Jelte Wicherts, Robbie van Aert, and Esther Maassen will present at the IMPS conference, in New York.
Novel approaches to dealing with heterogeneity in meta-analyses
Symposium submission IMPS 2018 New York
Organized by J.M. Wicherts, Tilburg University, firstname.lastname@example.org
Meta-analyses are increasingly being used to collate evidence from research lines in psychology and other fields. The goals of these meta-analyses are to estimate mean effects, heterogeneity, and potential moderation of effects due to study-level characteristics. This symposium consists of four talks that bear on the key issue of heterogeneity in meta-analyses. Each talk approaches heterogeneity in meta-analysis from different perspectives, varying from methodological issues (coding errors), to statistical approaches to modelling publication bias, structural equation models, and analyses of multiple moderators. Specifically, the talks deal with heterogeneity that is possibly due to coding errors and outliers (Maassen), consider heterogeneity as implemented in the novel tool p-uniform (van Aert), deal with heterogeneity when meta-analyzing structural equation models (meta-analytic SEM; Jak), and explain heterogeneity with multiple moderators in meta-analysis (Li, Dusseldorp, & Meulman). In the first talk, Esther Maassen selected a random sample of meta-analyses from the psychological literature and re-computed the effect sizes to study reproducibility of results, to see how meta-analysts deal with heterogeneity, and to determine whether coding errors and outliers affect heterogeneity estimates. In the second talk, Robbie van Aert will present a new random effects version of the method of p-uniform, that was developed to correct for publication bias under heterogeneity. In the third talk, Suzanne Jak will present a new maximum likelihood based method to deal with heterogeneity of meta-analytic structural equation models. In the fourth talk, Xinru Lin and her colleagues will present a new flexible R package called metaCART for meta-analysis that deals with multiple moderators and potential interactions between these moderators. We will end with a general discussion opened by Wicherts.
Correcting for publication bias in a meta-analysis with p-uniform*
Robbie van Aert – Tilburg University, R.C.M.vanAert@uvt.nl
Meta-analysis is now seen as the “gold standard” for synthesizing evidence from multiple studies. However, a major threat to the validity of a meta-analysis is publication bias that refers to situations where the published literature is not a representative reflection of the population of completed studies. In its most extreme case this implies that studies with statistically significant results get published and studies with statistically nonsignificant results do not get published. A consequence of publication bias is that the meta-analytic effect size is overestimated. The p-uniform method is a meta-analysis method that corrects estimates for publication bias, but the method overestimates average effect size in the presence of heterogeneity in primary study’s true effect sizes (i.e., between-study variance). We propose an extended and improvement of the p-uniform method called p-uniform*. This new p-uniform* method is an improvement in three important ways, because it (i) is a more efficient estimator, (ii) eliminates the overestimation of effect size in case of between-study variance in true effect sizes, (iii) enables estimating and testing for the presence of the between-study variance in true effect sizes. We will explain the p-uniform* method and discuss the results of an analytical study and Monte-Carlo simulation study where p-uniform* was compared to a selection model approach to correct for publication bias. We offer recommendations for correcting meta-analyses for publication bias in practice, and a R package as well as an easy-to-use web application for applying p-uniform*.
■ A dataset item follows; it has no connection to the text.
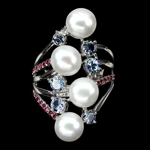 Toller Ring mit 6 Tansaniten, 22 Rubinen und 4 cremeweißen Süßwasser-Zuchtperlen gefasst in 925 Sterlingsilber 585 weißvergoldet
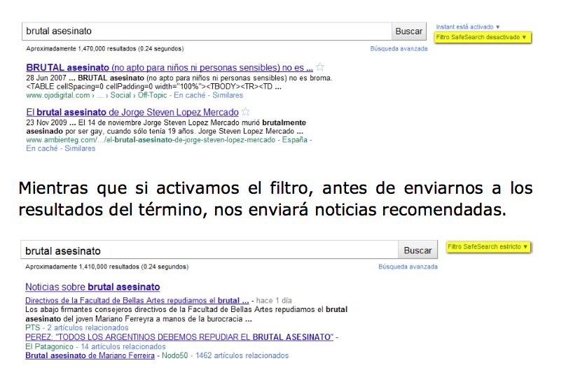 El problema con Google es que su filtro es no es muy seguro y deja pasar muchos resultados. Hay que tomar en cuenta que Google hace negocio con su motor de búsqueda, mientras que Yahoo! y Bing tienen tratos comerciales con publicidad en sus contenidos de noticias.

Reproducibility of psychological meta-analyses: coding errors, outliers, and heterogeneity
Esther Maassen - Tilburg University, email@example.com
Various studies have assessed the prevalence of reporting errors and inaccuracy of computations in psychological articles. These problems related to errors in primary studies extend to the level of meta-analyses in biomedical and health literature. The goal of this study was to systematically assess the reproducibility of psychological meta-analyses. To this end, we randomly selected meta- analyses from the psychological literature, and included 33 meta-analyses that reported effect sizes at the study level. We subsequently determined the prevalence of reporting or computational errors in 500 of the primary study effect sizes, and checked whether corrections of these effect sizes altered overall meta-analytic effect sizes, confidence intervals, and heterogeneity estimates. We documented how often we were unable to reproduce primary study effect sizes and the main meta-analytic outcomes. Additionally, we documented how meta-analysts dealt with issues related to heterogeneity, outlying primary studies, signs of publication bias, and possibly dependent effect sizes. Common issues in the reproducibility of meta-analyses pertain to the omission of necessary information on effect size computations and meta-analytic approaches. We present error rates and highlight the importance of using meta-analytic reporting standards and other practices that might help improve reproducibility of meta-analyses.